I’m sure my four siblings each have their own stories to share as well. It took a talented woman to balance her skills of parenting, cleaning, cooking, patching scrapes and dabbing tears.
Mom wasn’t a staid woman either. She couldn’t be with five ornery cherubs tearing around the house.
Believe me, we knew when one of us had crossed the line. The stress we caused her likely contributed to her wavy dark hair prematurely turning snow white. That made her all the more attractive.
Mom helped us with schoolwork, gave us blankets to make tents over the clothesline, and provided cool drinks on hot summer days. She laughed even if our jokes were lame, and cried when things seemed to just unravel.
Her devotion to Dad further evidenced her inner beauty. As controlling and contrary as Dad could be, Mom stood her ground in expressing her opinions. Her love for him, however, never wavered.

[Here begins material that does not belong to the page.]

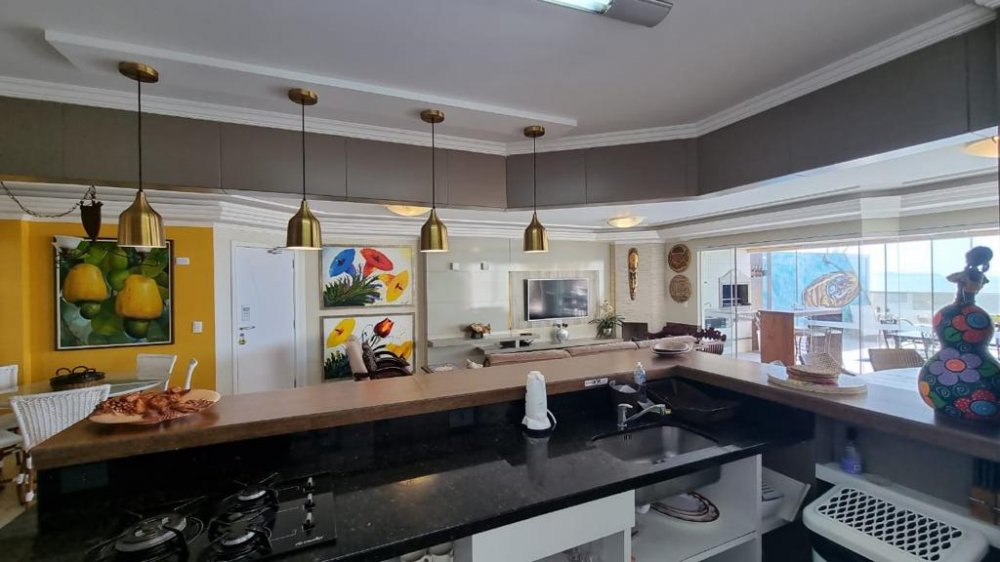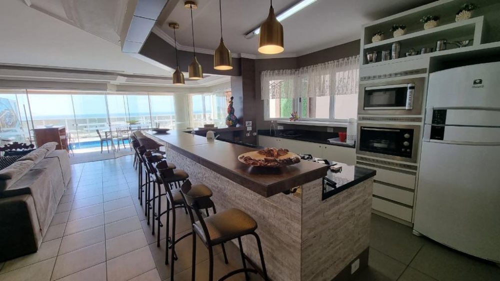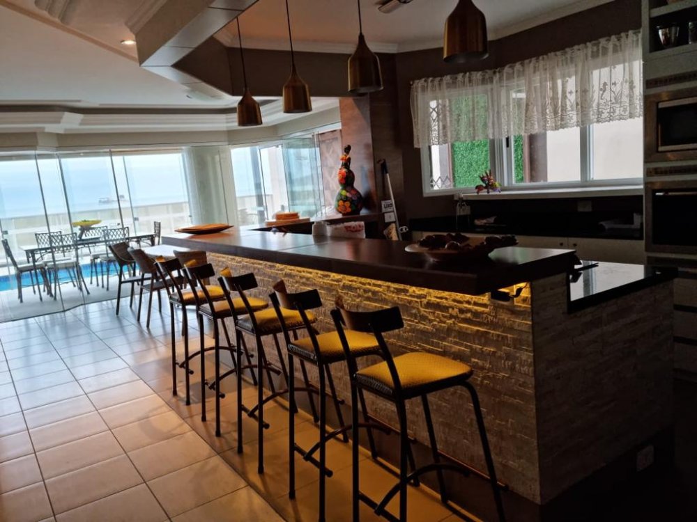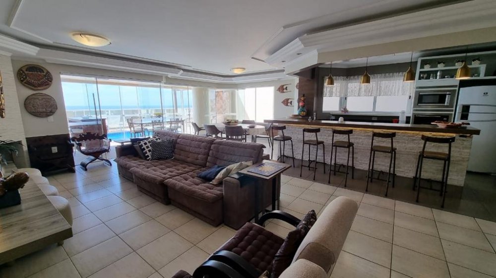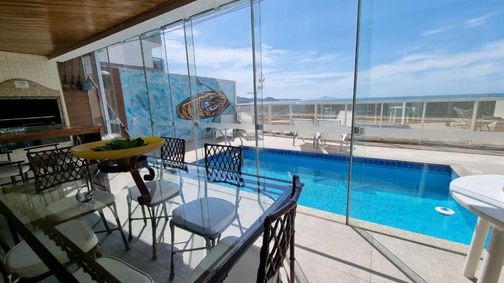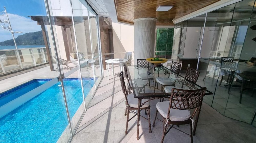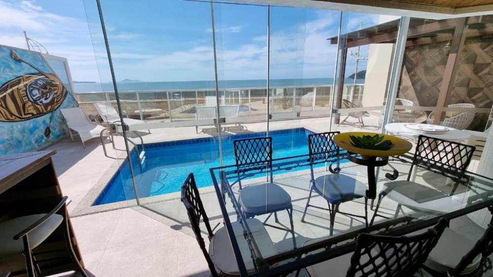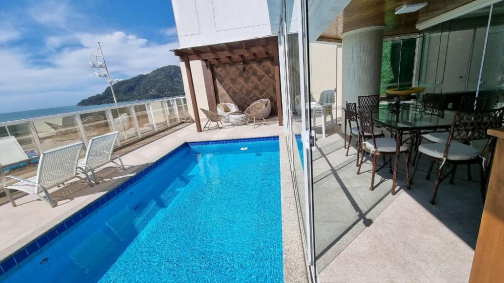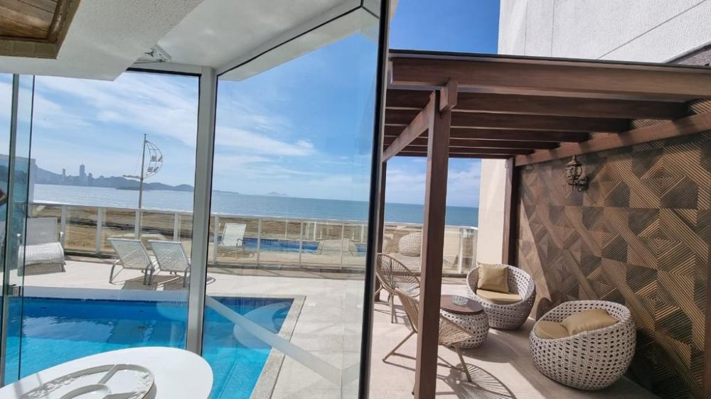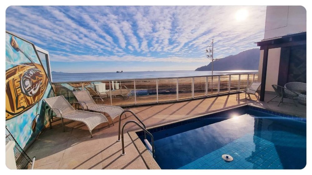 Mas as verdadeiras joias deste apartamento são as áreas externas. A área gourmet com churrasqueira a carvão é ideal para reuniões animadas com amigos e familiares, enquanto a sacada com piscina privativa oferece um espaço exclusivo para relaxar e contemplar a vista espetacular da praia. O pergolado é o local perfeito para desfrutar de um jantar sob as estrelas, enquanto o terraço espaçoso oferece ainda mais espaço para entretenimento.

I don’t recall him ever saying it, but I think Dad clearly understood that he was one fortunate man in marrying this lovely woman. He always gave her cards, flowers, candy and other gifts on holidays and her birthday.
With Dad’s encouragement, Mom got her driver’s license at age 40. He also coaxed her into taking art lessons, knowing her natural ability to draw and paint.
Mom’s beauty radiated from her mind’s eye into her vibrant watercolor paintings. She won many awards for her still life and landscape representations.
Mom was as humble and classy as Dad was brash and bold. She never boasted about her awards nor charged enough for the paintings she sold. She was happy just to have others enjoy her artwork.
If that isn’t beauty personified, I don’t know what is.
This will be the fourth Mother’s Day without Mom. I can still see her gorgeous smile, and sense her generous love. I hope your mother was just as beautiful as mine.